> **Exercise directions**
Output exactly, and only, the lines below from the one with "ジャケット 男性用 PUレザー" down to the one with "降膜蒸發(fā)器物料布料裝置 受讓專利登記簿". Include both end lines and no pictures.

> **Records to process**
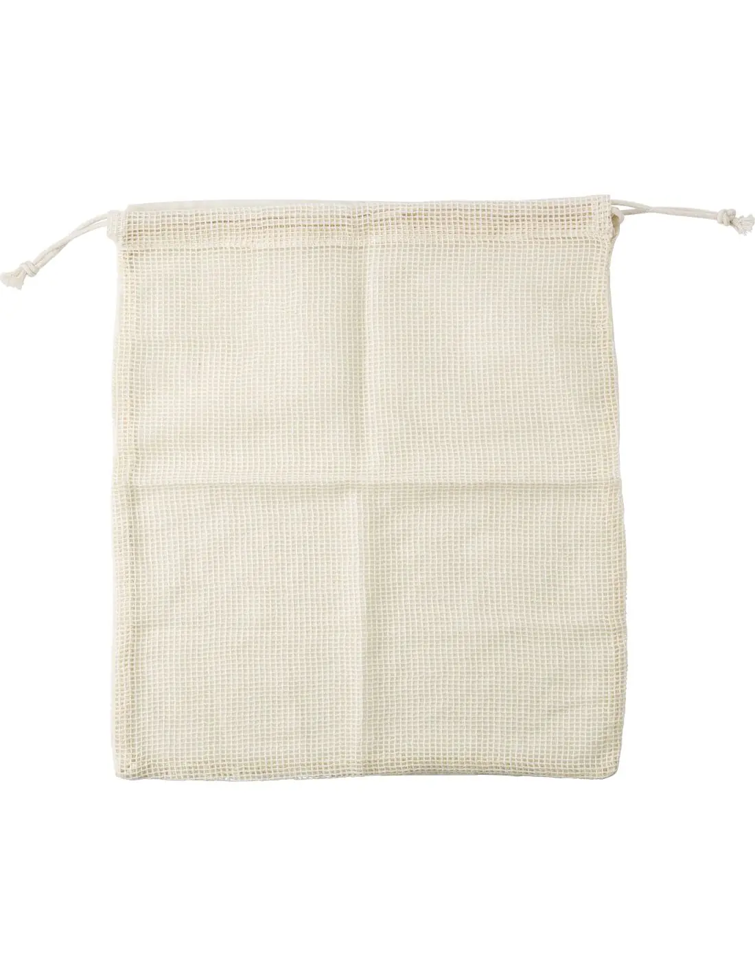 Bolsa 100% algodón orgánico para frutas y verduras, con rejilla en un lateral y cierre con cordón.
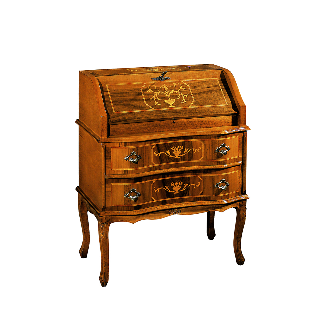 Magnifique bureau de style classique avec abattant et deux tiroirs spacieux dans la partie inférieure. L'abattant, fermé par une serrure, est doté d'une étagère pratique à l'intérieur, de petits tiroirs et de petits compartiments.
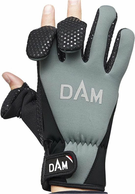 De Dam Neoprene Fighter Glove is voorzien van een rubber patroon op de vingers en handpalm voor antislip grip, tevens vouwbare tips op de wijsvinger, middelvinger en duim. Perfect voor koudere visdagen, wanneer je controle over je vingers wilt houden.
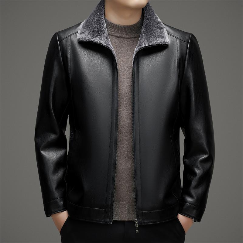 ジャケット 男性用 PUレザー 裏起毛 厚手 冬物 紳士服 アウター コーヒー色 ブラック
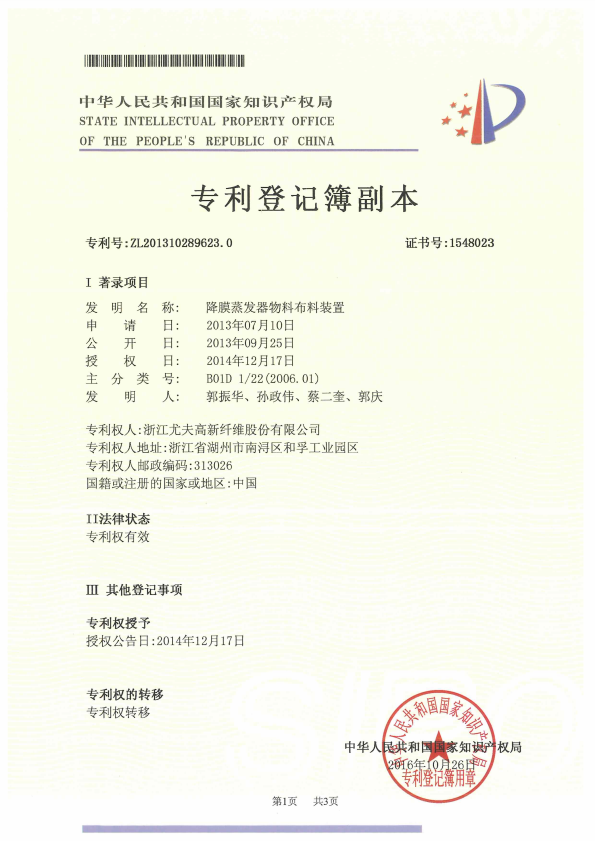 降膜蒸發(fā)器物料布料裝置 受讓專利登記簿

* * *

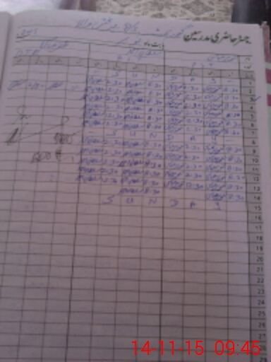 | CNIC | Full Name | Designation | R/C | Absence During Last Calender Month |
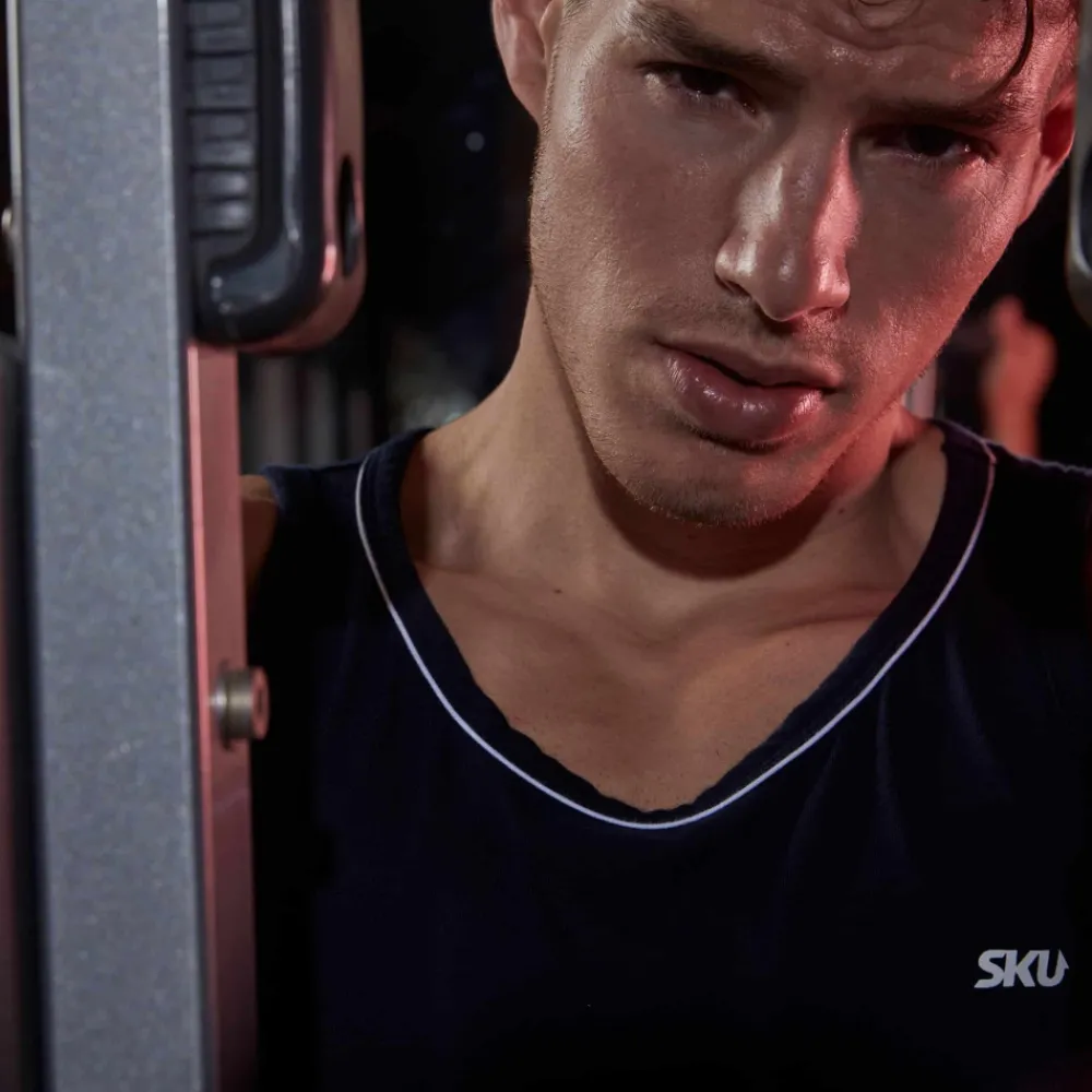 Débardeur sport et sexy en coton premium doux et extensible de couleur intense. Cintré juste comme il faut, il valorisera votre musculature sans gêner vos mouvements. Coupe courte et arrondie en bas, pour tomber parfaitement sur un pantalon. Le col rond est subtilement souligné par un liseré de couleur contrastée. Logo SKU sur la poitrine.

> **Output for this task**
 ジャケット 男性用 PUレザー 裏起毛 厚手 冬物 紳士服 アウター コーヒー色 ブラック
 降膜蒸發(fā)器物料布料裝置 受讓專利登記簿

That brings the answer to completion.